# EXERCISE MATERIALS:
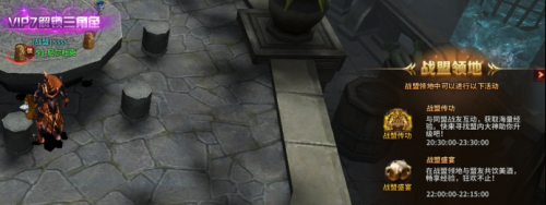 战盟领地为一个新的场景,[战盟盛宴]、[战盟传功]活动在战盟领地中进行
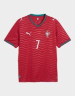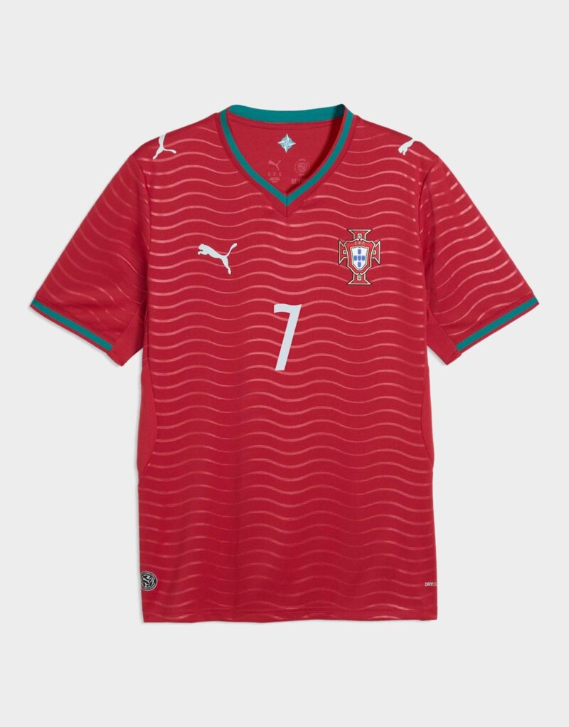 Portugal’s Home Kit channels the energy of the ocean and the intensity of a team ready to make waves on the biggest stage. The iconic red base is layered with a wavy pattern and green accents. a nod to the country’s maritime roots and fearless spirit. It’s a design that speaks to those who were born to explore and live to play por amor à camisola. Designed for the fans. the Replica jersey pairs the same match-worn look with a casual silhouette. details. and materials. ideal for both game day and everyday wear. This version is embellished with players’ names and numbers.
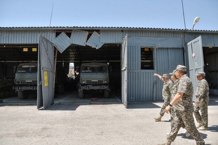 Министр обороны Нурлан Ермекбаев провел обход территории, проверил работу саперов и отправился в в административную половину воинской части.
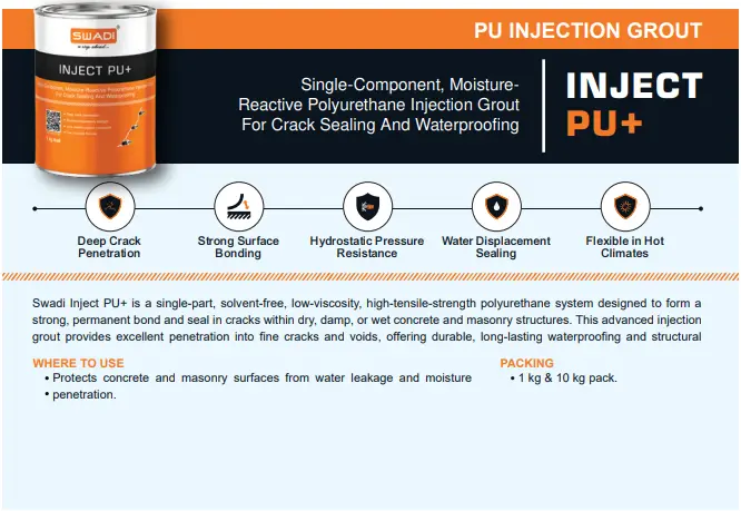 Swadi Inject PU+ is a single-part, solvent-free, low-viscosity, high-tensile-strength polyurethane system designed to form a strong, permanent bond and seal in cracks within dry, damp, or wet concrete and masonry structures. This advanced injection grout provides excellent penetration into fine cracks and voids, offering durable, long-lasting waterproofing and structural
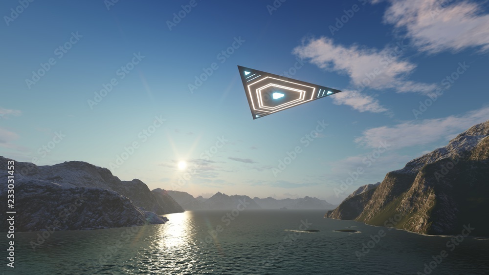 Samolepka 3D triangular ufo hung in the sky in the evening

==

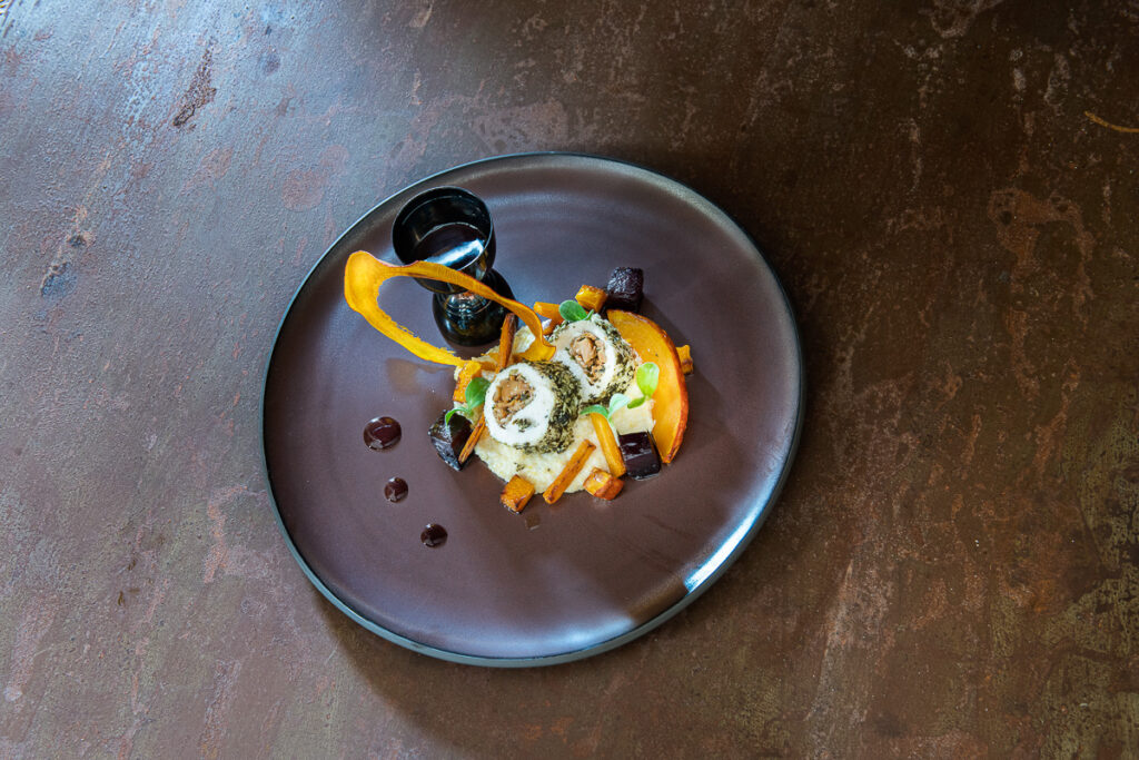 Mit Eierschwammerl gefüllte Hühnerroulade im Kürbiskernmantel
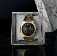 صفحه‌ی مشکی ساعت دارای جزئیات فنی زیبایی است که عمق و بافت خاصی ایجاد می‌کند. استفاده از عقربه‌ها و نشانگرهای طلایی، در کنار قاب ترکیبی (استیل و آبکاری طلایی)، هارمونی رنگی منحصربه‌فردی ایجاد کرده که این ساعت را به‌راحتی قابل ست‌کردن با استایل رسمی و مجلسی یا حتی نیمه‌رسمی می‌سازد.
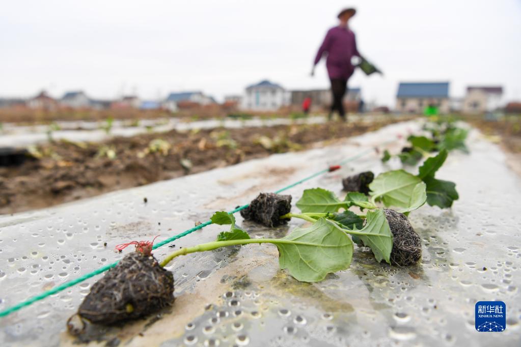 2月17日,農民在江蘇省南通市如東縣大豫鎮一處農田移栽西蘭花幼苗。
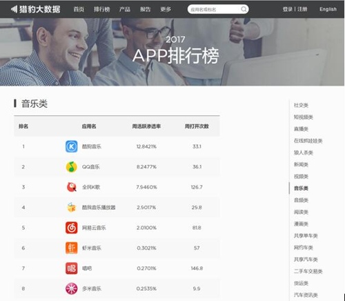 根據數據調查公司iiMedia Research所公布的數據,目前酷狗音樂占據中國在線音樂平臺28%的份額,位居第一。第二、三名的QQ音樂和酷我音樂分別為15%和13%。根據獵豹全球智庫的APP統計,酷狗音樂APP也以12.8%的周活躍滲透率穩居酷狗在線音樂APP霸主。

# PROBLEM DETAILS:
Within the material above, find the part that opens with the line containing "战盟领地为一个新的场景,[战盟盛宴]、[战盟传功]活动在战盟领地中进行" and closes with the line containing "Portugal’s Home Kit", and reproduce it exactly without the pictures.

# WRITTEN SOLUTION:
 战盟领地为一个新的场景,[战盟盛宴]、[战盟传功]活动在战盟领地中进行
 Portugal’s Home Kit channels the energy of the ocean and the intensity of a team ready to make waves on the biggest stage. The iconic red base is layered with a wavy pattern and green accents. a nod to the country’s maritime roots and fearless spirit. It’s a design that speaks to those who were born to explore and live to play por amor à camisola. Designed for the fans. the Replica jersey pairs the same match-worn look with a casual silhouette. details. and materials. ideal for both game day and everyday wear. This version is embellished with players’ names and numbers.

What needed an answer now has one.